-------- Source data --------
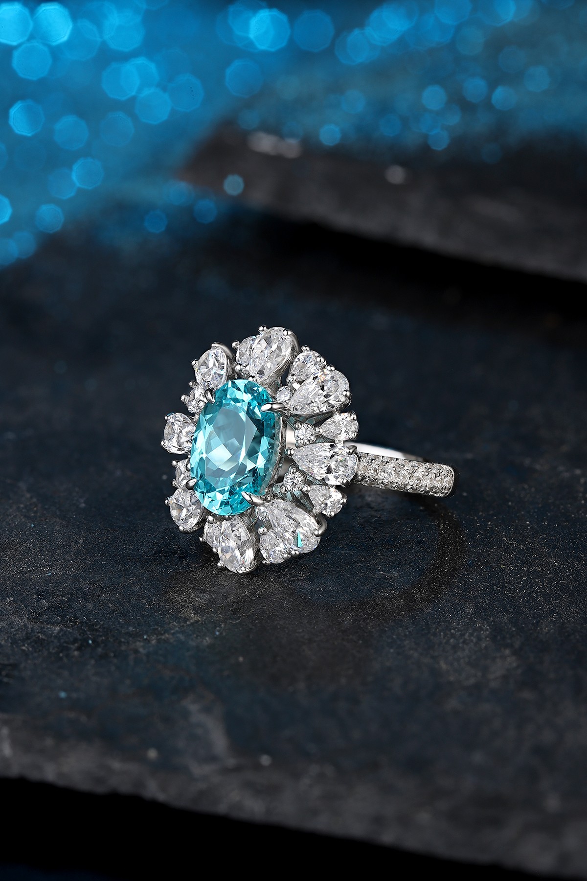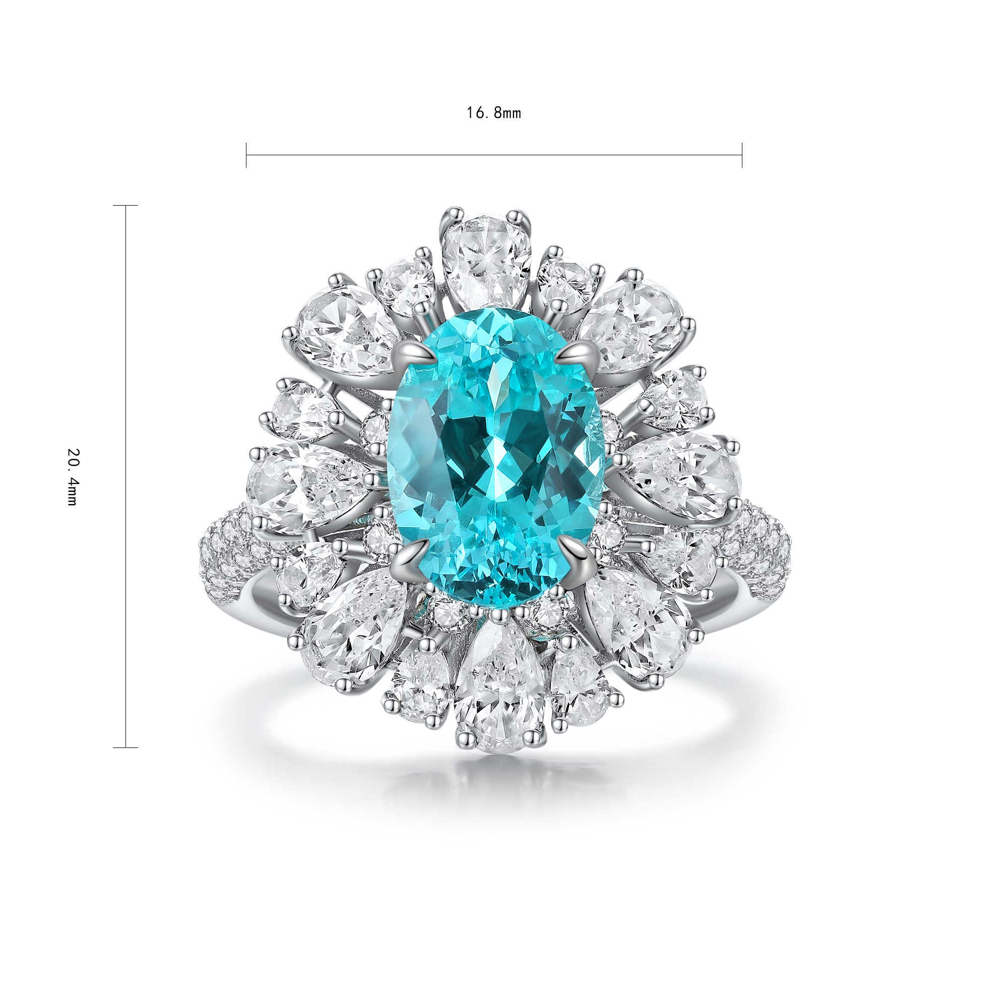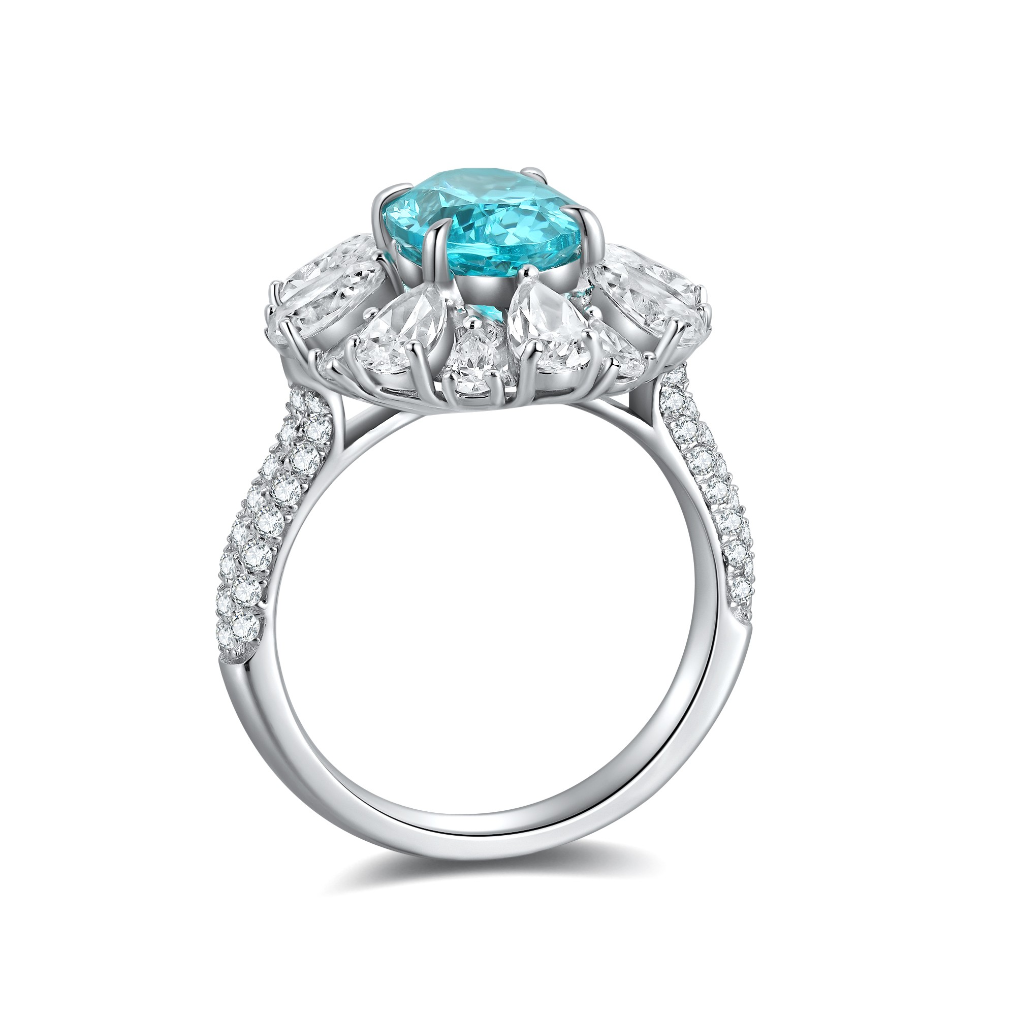 This Lab-Grown Paraiba of Diamond Simulants Gemstone Sterling Silver Ring showcases a vibrant oval-cut centerpiece made from premium quality lab-grown Paraiba, admired for its tropical ocean-blue hue. Surrounding the center gem is a radiant arrangement of high-quality AAAAA cubic zirconia diamond simulants, combining pear and marquise cuts for a fan-like floral motif. The split Sterling Silver band is encrusted with additional stones, adding brilliance from every angle.
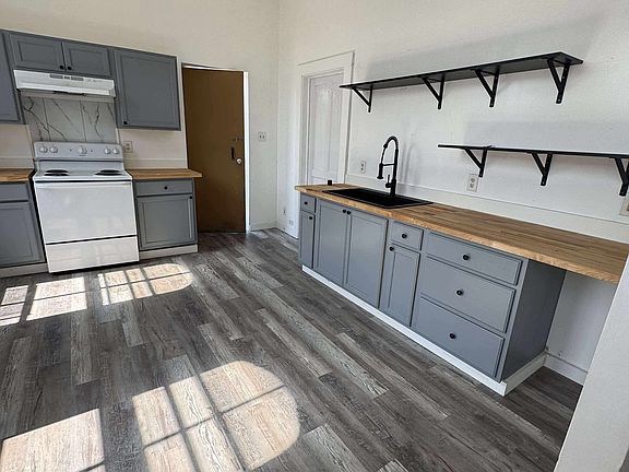 New floors, new paint, freshly refinished kitchen countertops. Property has high ceilings and tall windows.
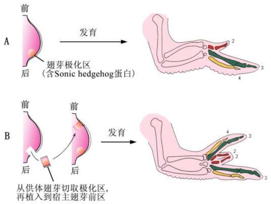 下图展示了位置信息(sonic hedgehog信号)在翅膀发育中的作用:
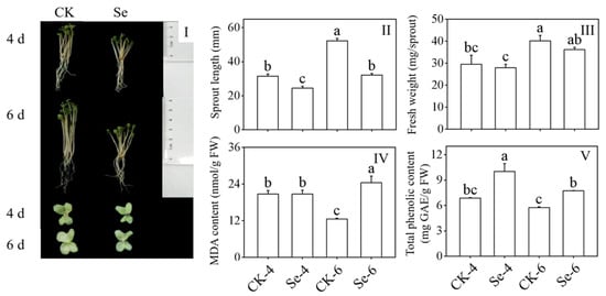 Effect of exogenous selenium on growth performance (I), sprout length (II), fresh weight (III), malondialdehyde content (IV), and total phenolic content (V) of broccoli sprouts during germination. Each data point represents the average of three independent biological replications (average ± SD). Lowercase letters reflected the significance of differences in indexes among treatments at different germination times using Tukey’s test (p < 0.05). For example, CK-4, Se-4, CK-6 and Se-6 indicated the 4- and 6-day-old broccoli sprouts treated with distilled water and 0.10 mM Na2SeO3, respectively.
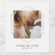 Dieses ultramoderne Label-Design besticht durch Ihr Lieblings-Hochzeitsfest mit einem geometrischen Rahmen-Overlay aus Imitaten und Ihren Namen sowie Ihr Hochzeitsdatum in römischen Ziffern.
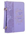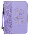 Saved by Grace Hydrangea Lavender Faux Leather Fashion Bible Cover - Ephesians 2:8
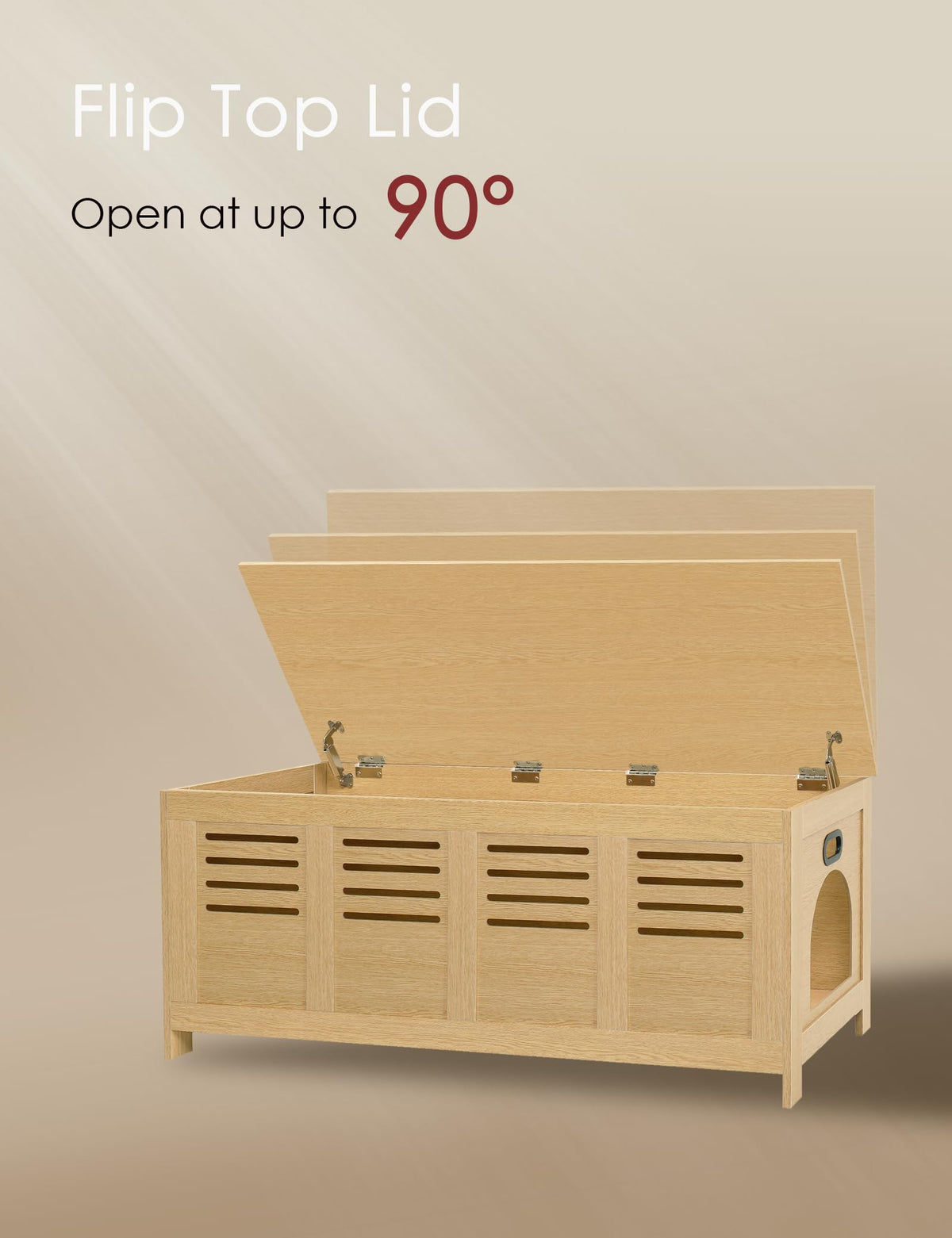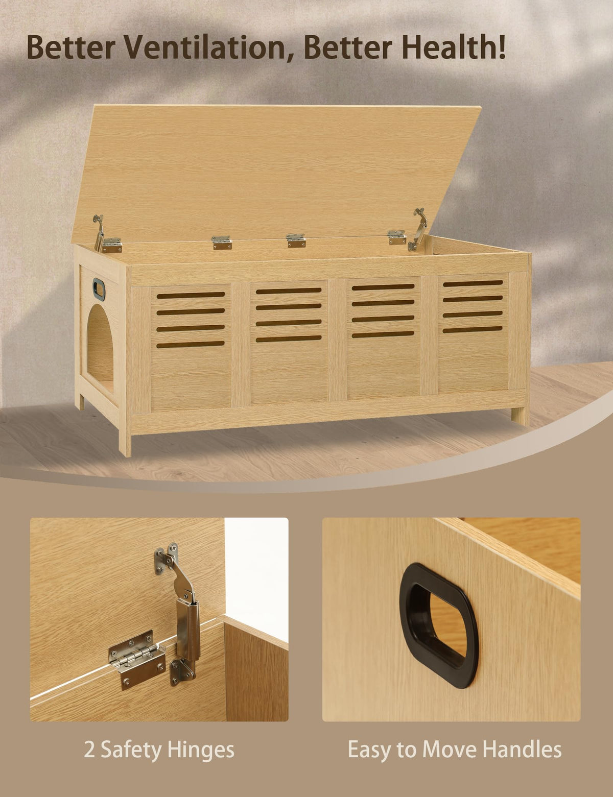 'Dinzi Lvj 47.2'''' Hidden Cat Litter Box Furniture For 2 Cats, Indoor Cat House With Double Rooms And Flip Top, Nightstands, Side Table, End Table For Living Room, Bedroom, Entryway. Stylish Decorative Pet Home & Enclosed Litter Box Furniture Why Do Your Need It? Cats Are Sensitive And Hyper-Vigilant, Which Makes Them Accustomed To Burying Their Poo. The Act Of Toileting Is When They Are At Their Most Vulnerable And So Look For A Safe And Private Location. Cats Do Need Space Alone. They Feel Safer In A Private, Secure Place And All Cats Should Be Provided With A Sleeping Area In Their Home. This Is The Meaning Of The Pet Furniture, Providing A Stress Free And Private Environment For Your Kitty. Give Your Cat Places She Can Call Her Own, A Cat House With Cozy Beds And Soft Blankets. One Piece Of Furniture, More Uses Serve As Litter Box Cabinet, Decorative Cat House, Nightstand, Side Table, End Table, Bed-End Stool And More. Only Need Some Magazines, Books, Plants, Coffee And Lamp, You Can Easily Create An Eye-Catching And Cozy Area. Double Rooms For Multi-Cats Household Double Rooms Hidden Litter Box Furniture Features Large Openings On Both Sides, Allowing Your Pet To Enter And Exit Freely. Spacious Interior Space Can Easily Accommodate 2 Cats And Fits Most Of Common Litter Box. The Best Choice For Multi-Cat Family Dinzi Lvj Notes: Please Do Not Allow Children Play In This Kitty Litter Box Furniture. Always Be Eye-Catching The Elegant Shape And Fashionable Color Rejuvenate The Place That Once Troubled You. Add An Artistic Atmosphere To Your Home And Enriching Your Furniture Decoration. Blend In With Your Home Decor In Living Room, Bedroom, Entrance, Etc. Good Ventilation & Low-Light Environment As One Of Our Family Members, A Safe And Healthy Environment Is Essential For Cats To Play And Rest. Thus, It Is Necessary To Keep The Wood Cat Home Well Ventilated. Semi-Enclosed Structure Creates Low Light Environment For Sensitive Cats To Feel Safe And Secure. With This In Mind, Dinzi Lvj Has Carefully Designed The Louvered Door, So That Your Cat Can Enjoy The Fresh Air And Soft Light While Resting And Playing. Flip-Top Lid With 2 Safety Hinges: We Considered More About The Safety Of You And Your Cat. This Pet Litter Box Furniture Is Equipped With 2 Hinges For Extra Safety. The Lift Top Can Be Stopped At Any Position, Opens And Closes Softly And Smoothly For Your Effortless Replacing Litters. Specifications: - Color: Natural - Material: Particle Board - Product Size: 47.2''''L X 18.9''''W X 19.7''''H (100 X 50 X 50 Cm) - Max. Static Load Capacity Of The Top: 132 Lb (60 Kg) - Max. Static Load Capacity Of The Bottom: 66 Lb (30 Kg) Package Contents: - 1 X Litter Box Enclosure - 1 X Assembly Kit - 1 X Instructions ''
--------
What is expected: Reprint all the data above verbatim, excluding pictures.

Expected answer:
 This Lab-Grown Paraiba of Diamond Simulants Gemstone Sterling Silver Ring showcases a vibrant oval-cut centerpiece made from premium quality lab-grown Paraiba, admired for its tropical ocean-blue hue. Surrounding the center gem is a radiant arrangement of high-quality AAAAA cubic zirconia diamond simulants, combining pear and marquise cuts for a fan-like floral motif. The split Sterling Silver band is encrusted with additional stones, adding brilliance from every angle.
 New floors, new paint, freshly refinished kitchen countertops. Property has high ceilings and tall windows.
 下图展示了位置信息(sonic hedgehog信号)在翅膀发育中的作用:
 Effect of exogenous selenium on growth performance (I), sprout length (II), fresh weight (III), malondialdehyde content (IV), and total phenolic content (V) of broccoli sprouts during germination. Each data point represents the average of three independent biological replications (average ± SD). Lowercase letters reflected the significance of differences in indexes among treatments at different germination times using Tukey’s test (p < 0.05). For example, CK-4, Se-4, CK-6 and Se-6 indicated the 4- and 6-day-old broccoli sprouts treated with distilled water and 0.10 mM Na2SeO3, respectively.
 Dieses ultramoderne Label-Design besticht durch Ihr Lieblings-Hochzeitsfest mit einem geometrischen Rahmen-Overlay aus Imitaten und Ihren Namen sowie Ihr Hochzeitsdatum in römischen Ziffern.
 Saved by Grace Hydrangea Lavender Faux Leather Fashion Bible Cover - Ephesians 2:8
 'Dinzi Lvj 47.2'''' Hidden Cat Litter Box Furniture For 2 Cats, Indoor Cat House With Double Rooms And Flip Top, Nightstands, Side Table, End Table For Living Room, Bedroom, Entryway. Stylish Decorative Pet Home & Enclosed Litter Box Furniture Why Do Your Need It? Cats Are Sensitive And Hyper-Vigilant, Which Makes Them Accustomed To Burying Their Poo. The Act Of Toileting Is When They Are At Their Most Vulnerable And So Look For A Safe And Private Location. Cats Do Need Space Alone. They Feel Safer In A Private, Secure Place And All Cats Should Be Provided With A Sleeping Area In Their Home. This Is The Meaning Of The Pet Furniture, Providing A Stress Free And Private Environment For Your Kitty. Give Your Cat Places She Can Call Her Own, A Cat House With Cozy Beds And Soft Blankets. One Piece Of Furniture, More Uses Serve As Litter Box Cabinet, Decorative Cat House, Nightstand, Side Table, End Table, Bed-End Stool And More. Only Need Some Magazines, Books, Plants, Coffee And Lamp, You Can Easily Create An Eye-Catching And Cozy Area. Double Rooms For Multi-Cats Household Double Rooms Hidden Litter Box Furniture Features Large Openings On Both Sides, Allowing Your Pet To Enter And Exit Freely. Spacious Interior Space Can Easily Accommodate 2 Cats And Fits Most Of Common Litter Box. The Best Choice For Multi-Cat Family Dinzi Lvj Notes: Please Do Not Allow Children Play In This Kitty Litter Box Furniture. Always Be Eye-Catching The Elegant Shape And Fashionable Color Rejuvenate The Place That Once Troubled You. Add An Artistic Atmosphere To Your Home And Enriching Your Furniture Decoration. Blend In With Your Home Decor In Living Room, Bedroom, Entrance, Etc. Good Ventilation & Low-Light Environment As One Of Our Family Members, A Safe And Healthy Environment Is Essential For Cats To Play And Rest. Thus, It Is Necessary To Keep The Wood Cat Home Well Ventilated. Semi-Enclosed Structure Creates Low Light Environment For Sensitive Cats To Feel Safe And Secure. With This In Mind, Dinzi Lvj Has Carefully Designed The Louvered Door, So That Your Cat Can Enjoy The Fresh Air And Soft Light While Resting And Playing. Flip-Top Lid With 2 Safety Hinges: We Considered More About The Safety Of You And Your Cat. This Pet Litter Box Furniture Is Equipped With 2 Hinges For Extra Safety. The Lift Top Can Be Stopped At Any Position, Opens And Closes Softly And Smoothly For Your Effortless Replacing Litters. Specifications: - Color: Natural - Material: Particle Board - Product Size: 47.2''''L X 18.9''''W X 19.7''''H (100 X 50 X 50 Cm) - Max. Static Load Capacity Of The Top: 132 Lb (60 Kg) - Max. Static Load Capacity Of The Bottom: 66 Lb (30 Kg) Package Contents: - 1 X Litter Box Enclosure - 1 X Assembly Kit - 1 X Instructions ''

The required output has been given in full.